安宅:はい。人工知能を研究しているある著名な研究者は、「身体性と道徳については、コンピュータに無条件に叩き込んでおく必要がある。そうしないと人間の使う範囲を超えておかしくなるときがどこかでくるんじゃないか」とおっしゃっています。

為末:でも、身体性とかを叩き込むっていうのも難しそうですね。

安宅:十分な情報を与えないと難しいでしょうね。「こういうふうには体は動かないんだ」といったことを、たくさん叩き込む必要があると思います。温度や湿度によって、人間は気持ちよさを感じたり、耐えられなくなったりする。そういうことを片っ端から入れるわけです。

為末:そういうことも学習できる可能性はありますよね。時計と温度計があって、人間が気持ちよい状態にあるということがデータとして上がっていくと。

安宅:最初は情報を入れてあげないとなりませんが、フィードバックをかければ確実に学習しますね。

経験を結びつけられる「賢さ」こそ人間の強み

為末:人工知能が発達していった未来、たとえば10年後、僕らの「賢さ」っていうのも今のものとは変わっているようなことはありますか。

安宅:10年後くらいであれば、社会を生き延びるための基本的なスキルが変わる程度だと思っています。これまで、日本語力、英語力、問題解決力があれば十分でしたが、今後10年くらいでは、コンピュータに指示を出して人工知能をうまく利用するような、データリテラシーは必須になると思います。仕事の内容がコンピュータを使い倒すということに変わっていく部分が多いからです。

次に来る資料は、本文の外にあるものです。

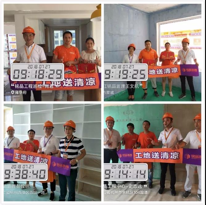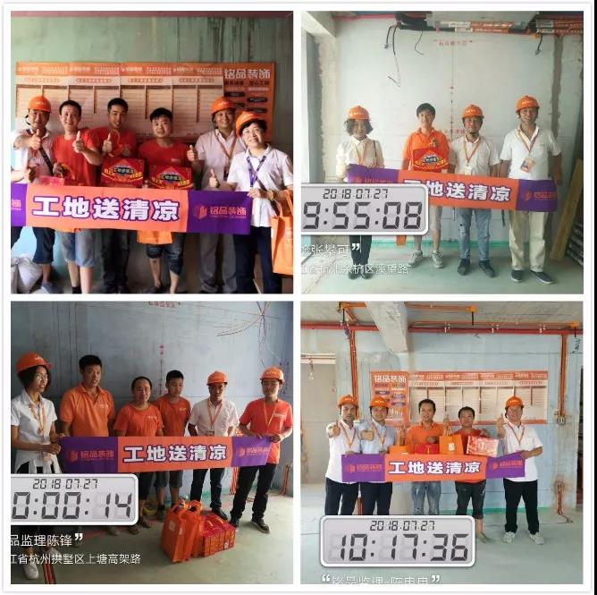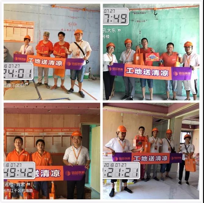 從杭州旗艦店開始,到全國(guó)48家分公司聯(lián)動(dòng),銘品裝飾集團(tuán)進(jìn)行了“工地送清涼”活動(dòng)。

でも、「賢さ」についていえば、ごく少ないサンプル数からなにかを得るっていうのは、人間の卓越した能力であり、今後も残るはずです。人間のサバイバル本能ですから。それがあるから、先祖の人々は雷を避け、火事になっても逃げ延びてくることができたわけです。

コンピュータは似た事象を5回繰り返し経験しただけで学習するのは難しい。でも人間は5回繰り返す必要はないですから。

為末:過去になにかの経験をすると、似て非なるシチュエーションでも、過去の学習下経験を引っぱり出して対応するっていうことが得意そうですもんね。

安宅:すごく得意ですね。人間は、何千回何万回と細かい学習を日々しているので、それらのアナロジーとして、意味を捉えられるんですよね。ドラマや映画、小説までをひっくるめて、自分の経験にしているから、意味を深く読み取れる。そして、ざっくりと感覚的に意味を取って考える。これはわれわれの強みだと思います。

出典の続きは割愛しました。